2. The device of claim 1, where the III-nitride based laser diode
is grown on a semipolar (11-22), (11-2-2), (101-1), (10-1-1),
(20-21), (20-2-1), (30-31) or (30-3-1) orientation.
3. The device of claim 1, where the III-nitride based laser diode
is grown on a nonpolar (10-10) or (11-20) orientation.
4. The device of claim 1, where the polished facets are chemically
mechanically polished.
5. The device of claim 1, where the polished facets are
mechanically polished.
6. The device of claim 1, where one or more of the polished facets
are orthogonal to a longitudinal axis of a resonant cavity of the
III-nitride based laser diode.
7. The device of claim 1, where one or more of the polished facets
are polished at an angle and are not orthogonal to a longitudinal
axis of a resonant cavity of the III-nitride based laser diode.
8. A method for fabricating a light emitting device, comprising:
epitaxially growing a III-nitride based laser diode on or above a
semipolar or nonpolar orientation substrate; and polishing one or
more facets of the III-nitride based laser diode.

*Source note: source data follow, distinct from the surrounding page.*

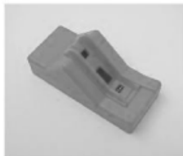
Met adapter voor (smalle cartridges)

Zorg ervoor dat er goed contact wordt gemaakt met de contactpuntjes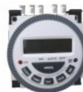
3701 - Programador horário Tm 619 Novus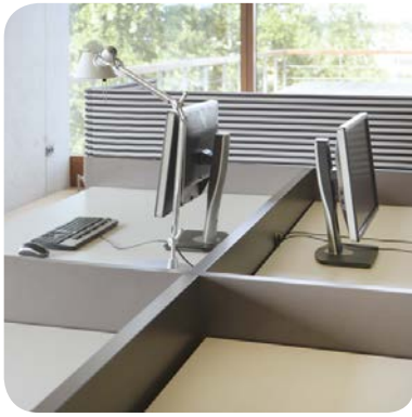
Arbeitsplätze verbinden, auch rechtwinklig zueinander stehende Tische.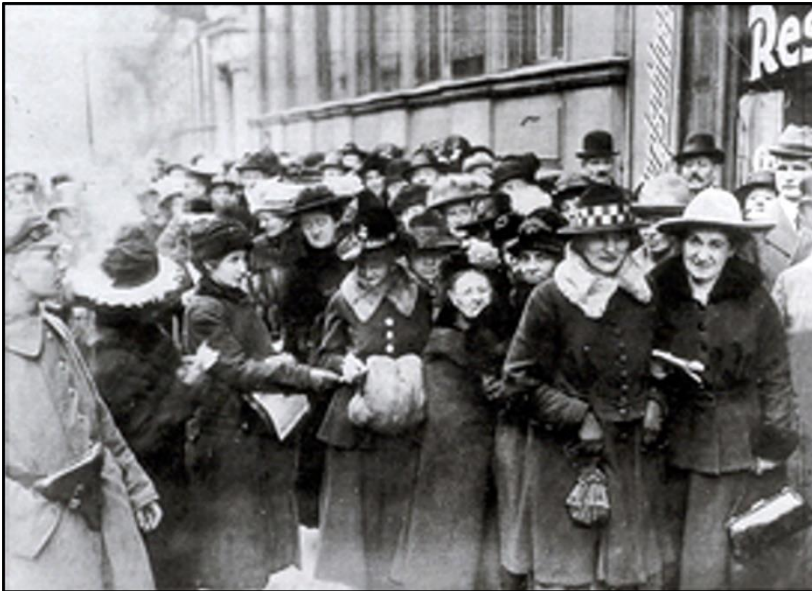
19. Januar 1919: Wegen der hohen Wahlbeteiligung mussten Wähler z.T. stundenlang vor den Wahllokalen anstehen.

gewesen. Und sie nahmen ihre Rechte wahr - die Schlangen vor den Wahllokalen waren 100 Meter und mehr lang, die Wähler mussten zumeist mehrere Stunden warten, bis sie an die Reihe kamen. Die Zeitungen berichteten: „ Erstmals sitzt am Wahltisch als Beisitzer eine Frau - die hätte dort früher nichts zu suchen gehabt - und dann sind unter den Wählenden mehr als die Hälfte als weiblichen Geschlechts zu bezeichnen “. Über 80% der Frauen gingen wählen. Ein Wendepunkt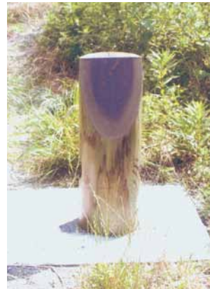
A-63 車留め H700×φ250 杉・タナリス防腐注入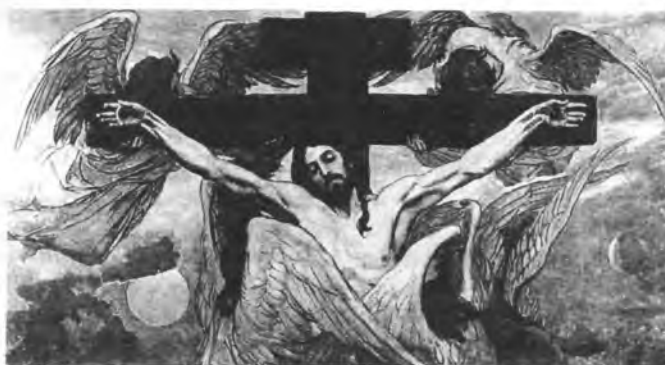
Распятие Господа нашего Иисуса Христа. Эскиз В. Васнецова для росписи плафона для главного нефа Владимирского собора в Киеве.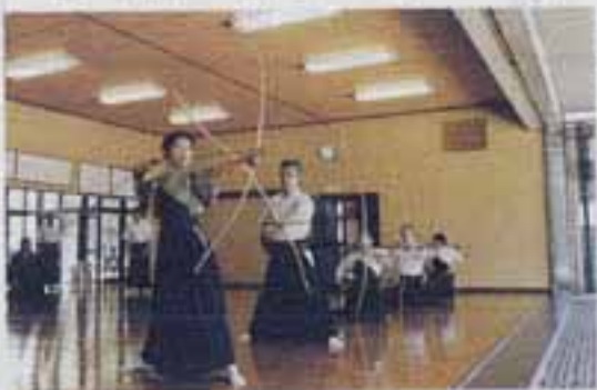
△的をめかけて一心不乱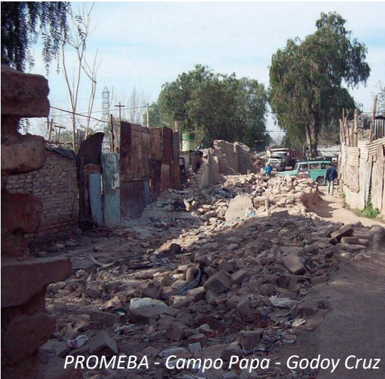
PROMEBA - Campo Papa - Godoy Cruz

Consolidación, acceso a la propiedad de la tierra, provisión de obras de infraestructura urbana, equipamiento comunitario y saneamiento ambiental. Fortalecimiento de su capital humano y social.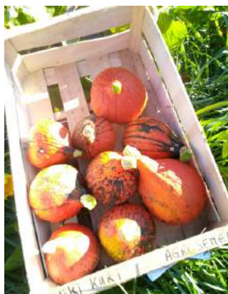
Ushiki Kuri Agrosemens

9. The method of claim 8, further comprising dicing the III-nitride
based laser diode into a bar using a dicing line direction
orthogonal to a ridge stripe direction of the III-nitride based
laser diode; and polishing the facets of the III-nitride based
laser diode after the III-nitride based laser diode is diced into
the bar using one or more lapping discs.
10. The method of claim 9, further comprising mounting the
III-nitride based laser diode on a cross-sectioning paddle, such
that a portion of the III-nitride based laser diode is exposed, as
one of the facets of the III-nitride based laser diode is polished
by the lapping discs.
11. The method of claim 10, wherein a position of the
cross-sectioning paddle is used to monitor a polish depth as the
lapping discs polish one of the facets of the III-nitride based
laser diode.
12. The method of claim 9, further comprising: mounting the
III-nitride based laser diode on a chuck, such that an entirety of
the III-nitride based laser diode is exposed, as one of the facets
of the III-nitride based laser diode is polished by the lapping
discs.
13. The method of claim 12, wherein a position of the chuck is used
to monitor a polish depth as the lapping discs polish one of the
facets of the III-nitride based laser diode.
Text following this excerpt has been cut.